HS12CHSH - Cherries Sharing
Alice and Bob are trying to cut a rectangular cherry cake into two pieces.
They have agreed that:
- the partition must be done with a single, straight line cut parallel to one of the sides of the cake
- the cut should cross the center of mass of all cherries
- the number of cherries touched during the cut should be as small as possible
You have been asked to compute the parameters of the cut satisfying the above conditions. Simplify the problem assuming that each cherry is an ideal, homogeneous ball.

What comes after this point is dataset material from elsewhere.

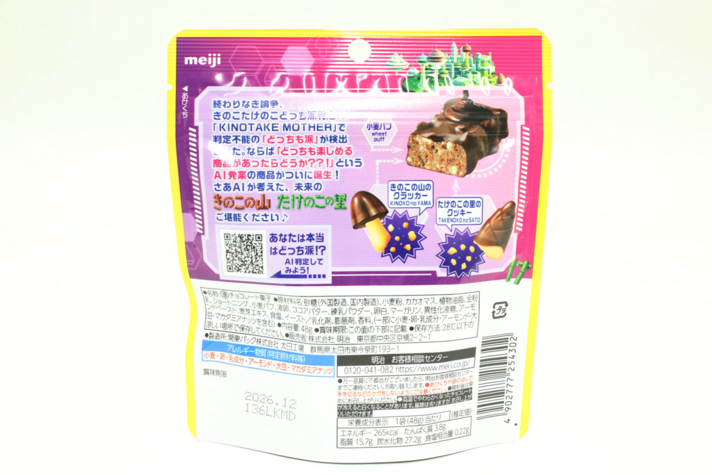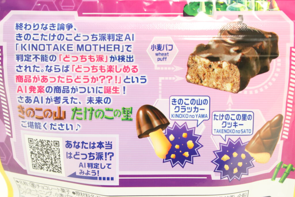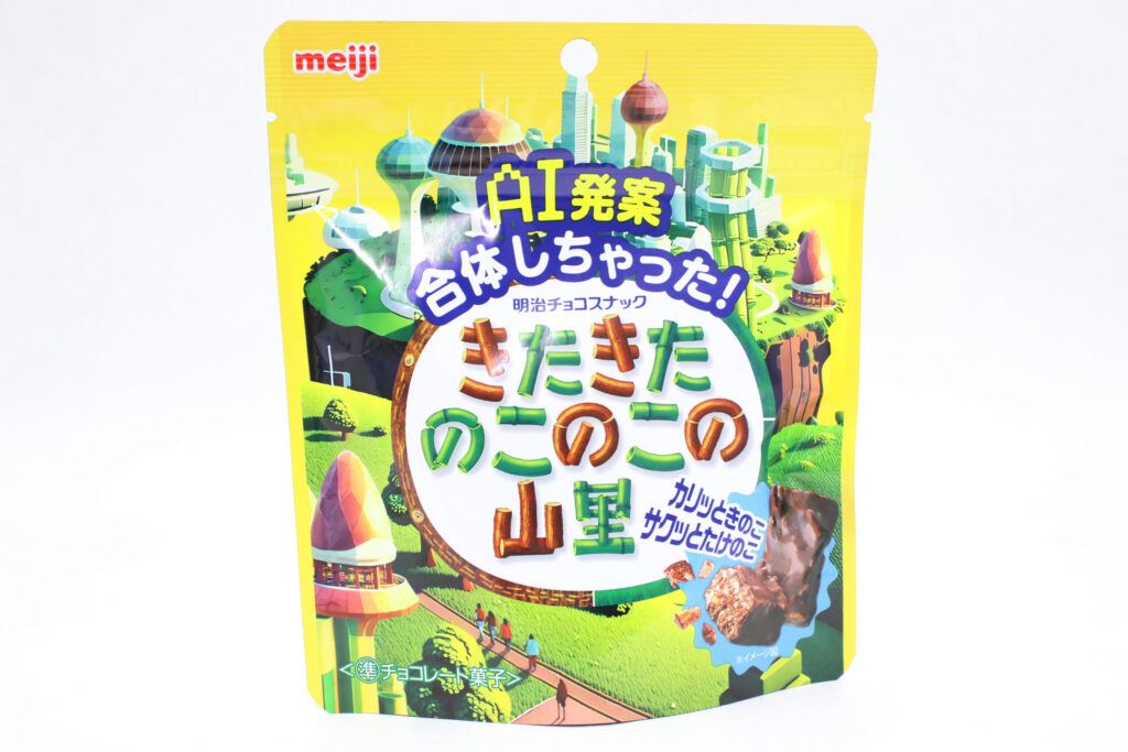 パッケージは、AIが考案した“未来のきのこの山とたけのこの里の世界”をデザインしたそうです。近未来のきのこ・たけのこタウンは立体的な絵のタッチもあってか、AIが考えた未来感がよく出ています。底にはきのこの山とたけのこの里のロゴとイラストが入っています。共存している…!?!?

First, you are given T, the number of test cases (T<100). The test cases follow. Each of the test cases consists of three positive integers: w, l, c denoting the width, the length and the number of cherries in the cake (w, l < 100 and c<10000). In each of the next c lines the parameters of each successive cherry are given: x, y - the coordinates of the center), m - the mass of the cherry and r - the radius of the cherry (x<w, y<l, m, r <10). Assume that the cake's vertices are: (0, 0), (x, 0), (x, y), (0, y). The height of the cake and the vertical position of cherries have no impact on the cut parameters, hence they may be considered irrelevant and ignored.
For each of the test cases output in a separate line two characters: WE for a cut parallel to x-axis and NS for a cut parallel to y-axis and one number - the cut offset with six digits of precision.
Input: 2 31 71 5 10.5680 32.3080 8.0160 2.1860 15.9970 30.3860 2.7680 2.2490 3.6890 11.9840 7.9280 1.0350 6.5280 48.6800 5.7440 1.2970 23.5240 31.1280 9.6440 1.8320 69 36 5 15.0760 13.1800 5.9020 2.3240 33.5610 24.2980 7.9390 2.6720 27.4260 20.5670 2.5220 2.4220 38.7100 17.4060 1.7820 1.1920 20.8150 18.8790 9.0090 1.3320 Output: NS 12.393005 NS 25.082539
WE 29.850876 WE 19.284767
By solving this problem you score 10 points.